A room is...confining. You can't be out in the world when you are couped up in a room. Better to spend your creative time in coffee shops and park benches, if not producing, then at least eavesdropping so that you will have things to write about later.
A room is...unnecessary. If I were to take a room of my own, I would have to find a new place to store our unused telescope, three broken snowboards, and the collection of Party in Cabo coffee mugs from our last vacation.

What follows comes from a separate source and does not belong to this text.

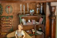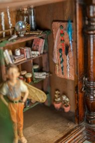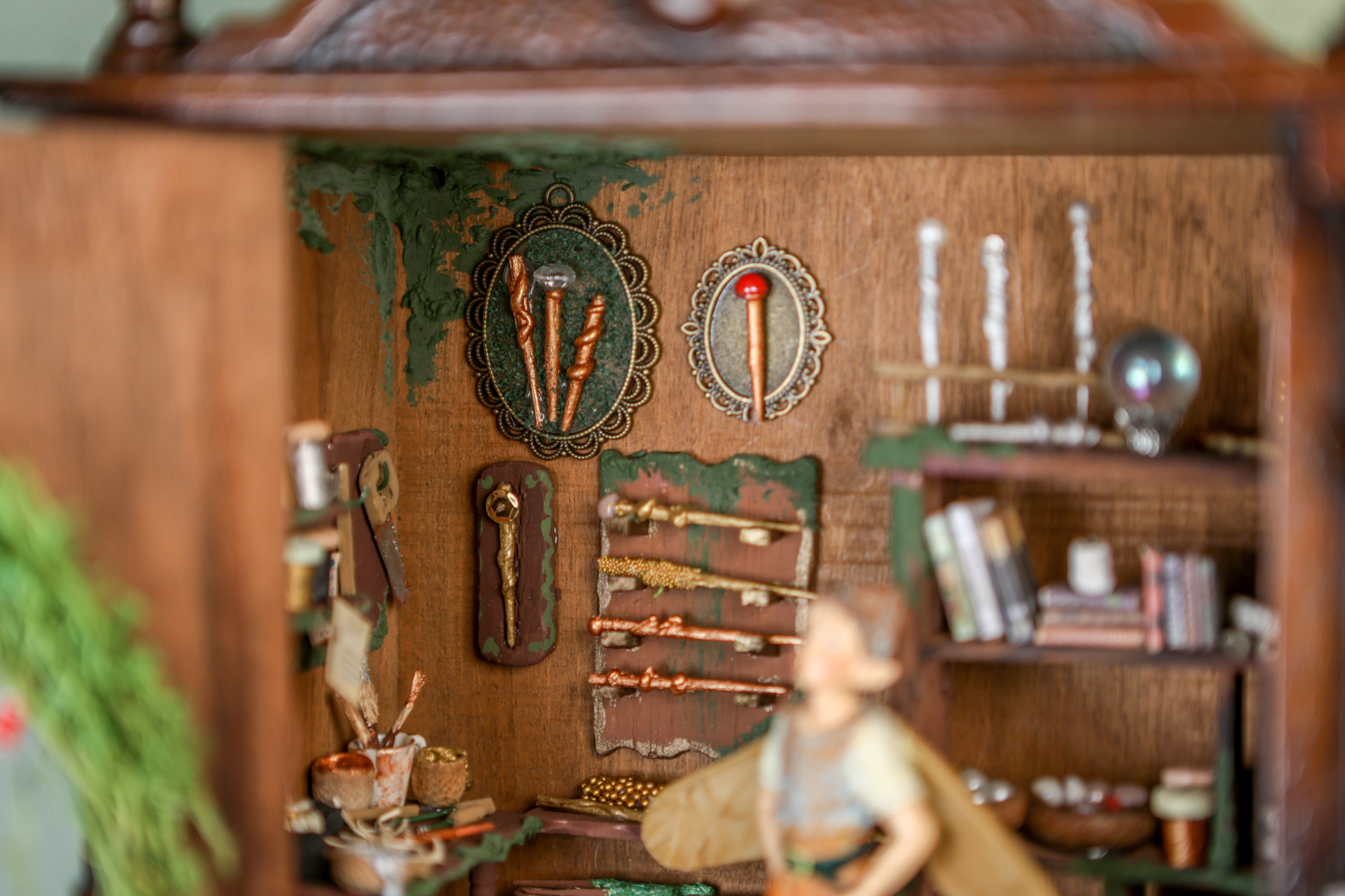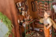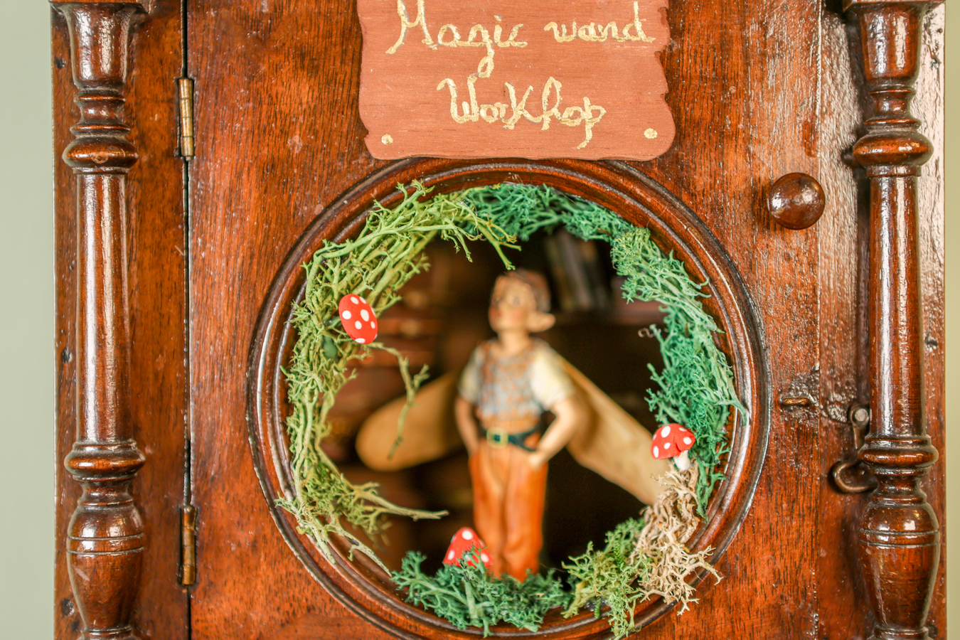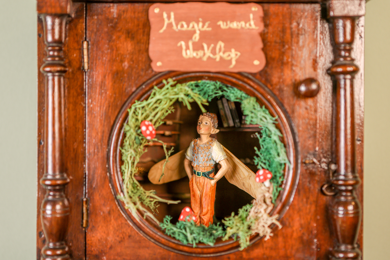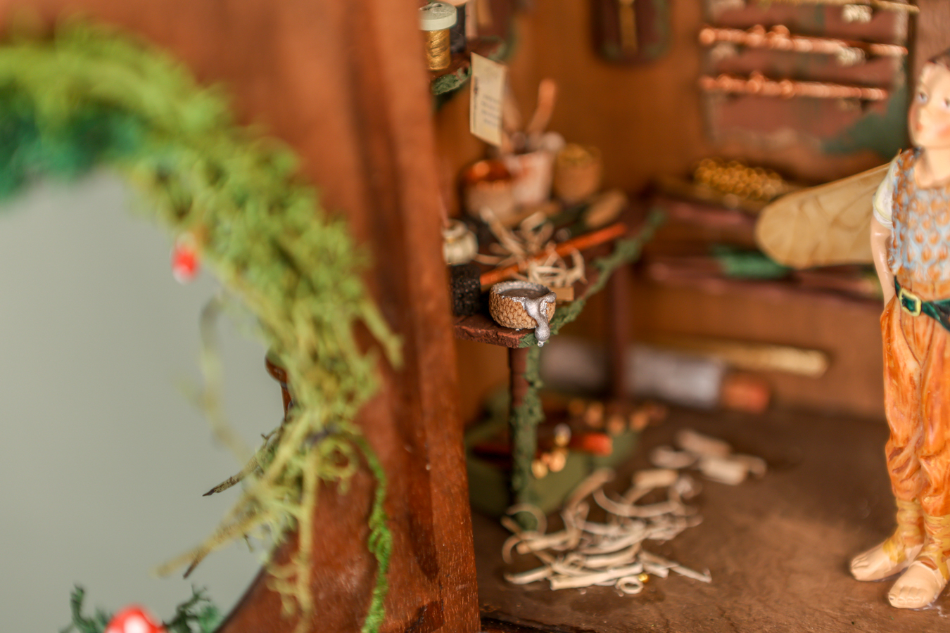 An old wooden hanging box, transformed by the little fairy, into a workshop where he creates his magical wands. Inside his workshop, there’s a workbench where he crafts them with all sorts of tools, a handmade wooden library with fairy books that cover everything he needs to know about making them correctly and their properties, and of course, the fairy dust without which, nothing would be possible.

A room is...gratuitous. If I take a room, by my logic, somebody else will lose a room. Not anyone who lives in the house, mind you. But someone, somewhere - maybe those out of town guests I keep expecting - will not have a place to lay their weary heads. Worse, what if 'Crazy Uncle Earl' finally gets out of the halfway house and needs a place to crash for a few weeks while he 'gets his head together'? He might come wandering in, take one glance at my lilac painted walls, and high-tail it out of there faster than you can say rehabilitation. This could have been his one chance to really clean up but instead he's back in recovery and everyone in the family will hate me. Just because I took the room.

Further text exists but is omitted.